Recorded information ▸
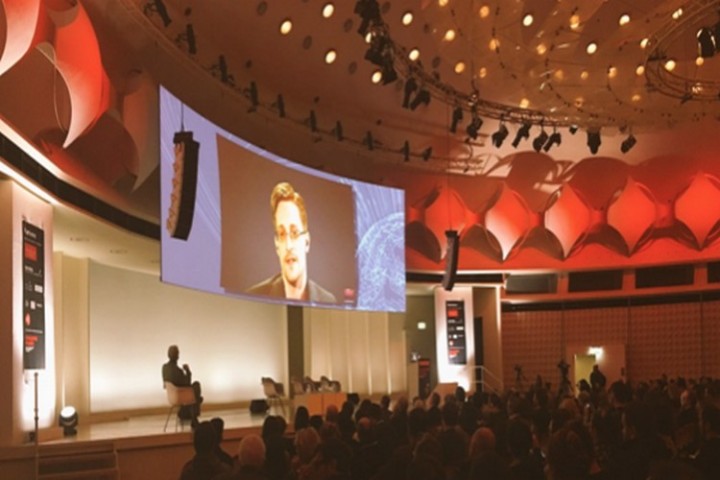 “Il y a beaucoup à dire sur comment lancer nos défis avec des moyens techniques,” disait Edward Snowden lors de la conférence vidéo de Berlin transmise en direct.
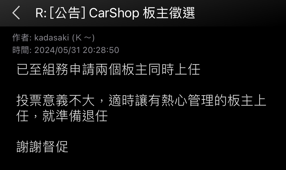 鑒於carshop板沒有實際上的板主己久,
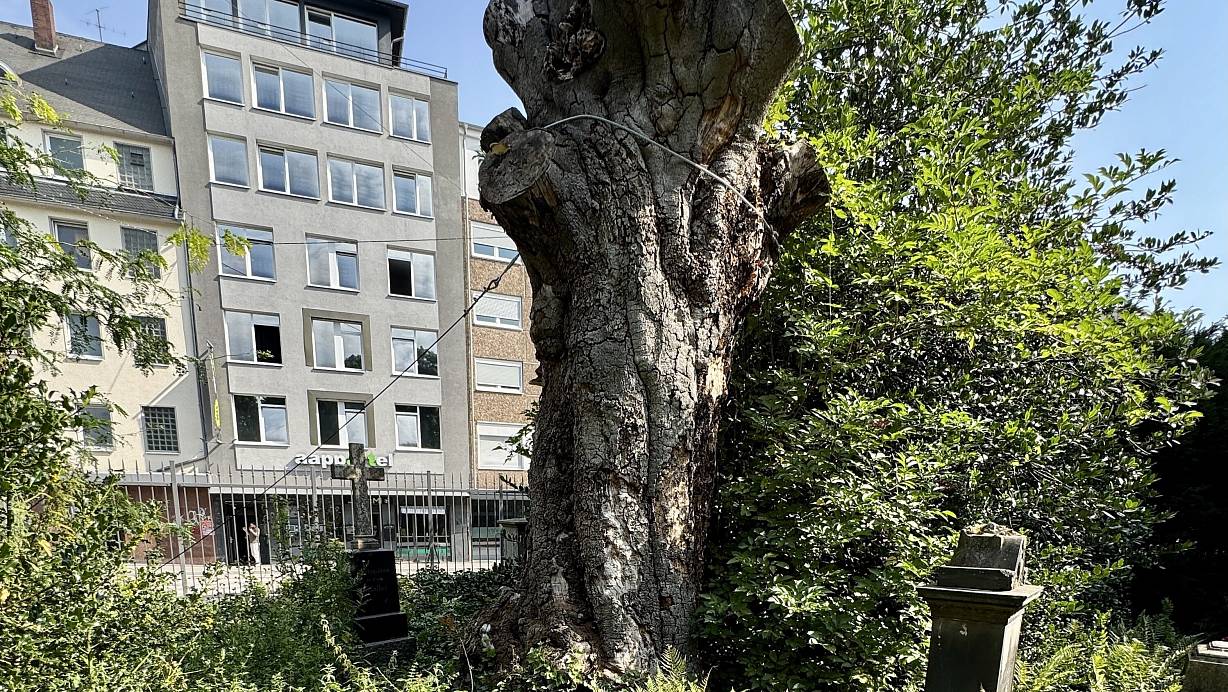 Der alte Blutbuchen-Stumpf auf dem Alten Friedhof musste jetzt mit Drahtseilen gesichert werden. Oben am Stamm regt sich neues Leben. | © Peter Unger
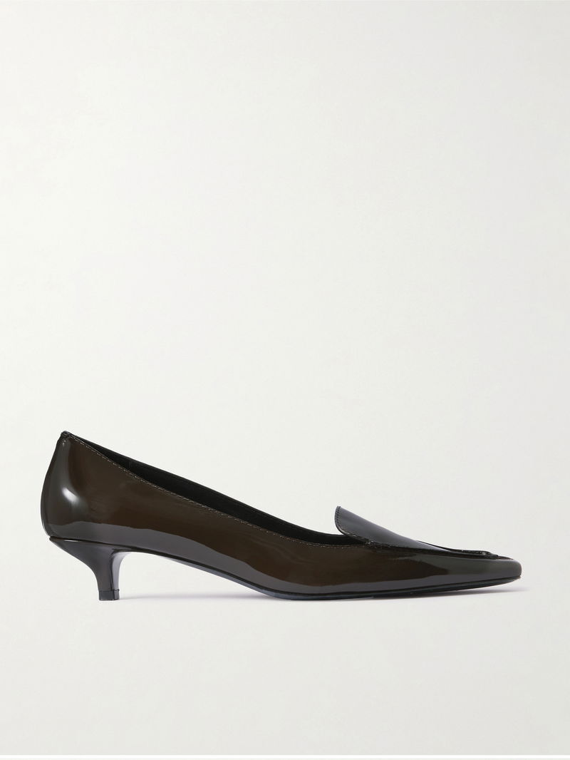 Description: Inspired by loafers, TOTEME's pumps are made from glossy patent-leather and have notched vamps. The 35mm heels offer comfortable lift.

Exercise details ▸ Where a picture appears, skip it; repeat everything else in the data exactly.

Written response ▸
 “Il y a beaucoup à dire sur comment lancer nos défis avec des moyens techniques,” disait Edward Snowden lors de la conférence vidéo de Berlin transmise en direct.
 鑒於carshop板沒有實際上的板主己久,
 Der alte Blutbuchen-Stumpf auf dem Alten Friedhof musste jetzt mit Drahtseilen gesichert werden. Oben am Stamm regt sich neues Leben. | © Peter Unger
 Description: Inspired by loafers, TOTEME's pumps are made from glossy patent-leather and have notched vamps. The 35mm heels offer comfortable lift.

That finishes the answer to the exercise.